Barrancos ( Barranquenho: Barrancu) is a town and a municipality in Portugal. With a population of 1,834 in 2011, it is the least populated municipality in mainland Portugal. Its area is 168.42 km2.

The municipality is composed of one parish, being one of the six Portuguese municipalities composed of only one parish, and is located in Beja District, close to the Spanish border.

Among its economic activities are agriculture and livestock rising, being a production center for presunto (dry-cured ham), similar to the jamón ibérico, made from Black Iberian Pig (also known as Porco Alentejano).

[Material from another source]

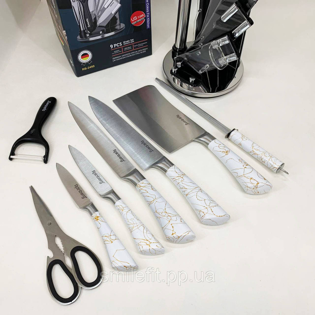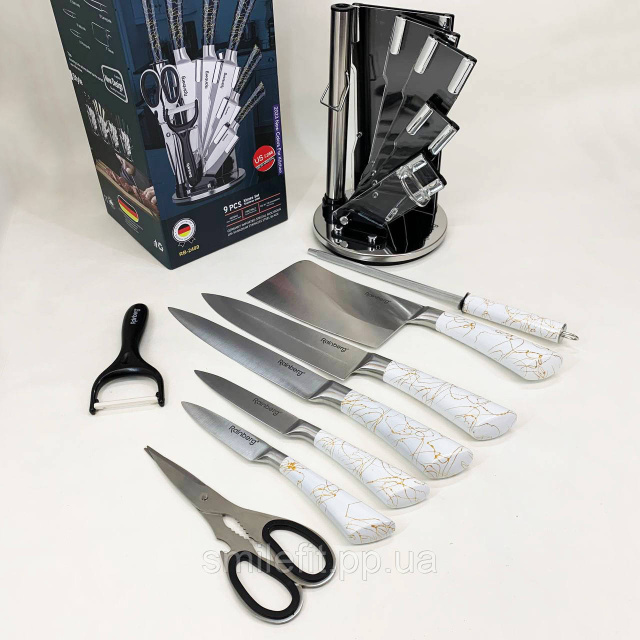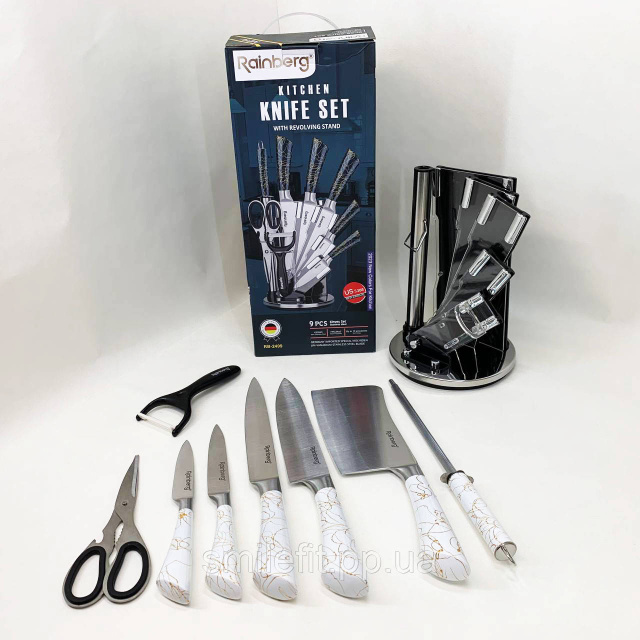 Набір кухонних ножів Rainberg RB-2499 8 предметів на підставці, що обертається White, Київ

The present Mayor is António Pica Tereno, elected by the Unitary Democratic Coalition.

The municipal holiday is August 28. Barrancos is famous in Portugal for its festival, which takes place each year during the last four days of August, and where traditional bullfighting occurs in the town's main square.

History

The territory where the Barrancos municipality stands today was initially conquered from the Moors in 1167, by Gonçalo Mendes da Maia, and the area's population was ordered by D. Sancho I in 1200. The original municipality was then located in the village of Noudar, which would only be definitively incorporated in the Kingdom of Portugal in the year 1295, when it was granted foral by D. Dinis. Noudar village was extinct in 1825, beginning a slow process of abandonment and migration to Barrancos.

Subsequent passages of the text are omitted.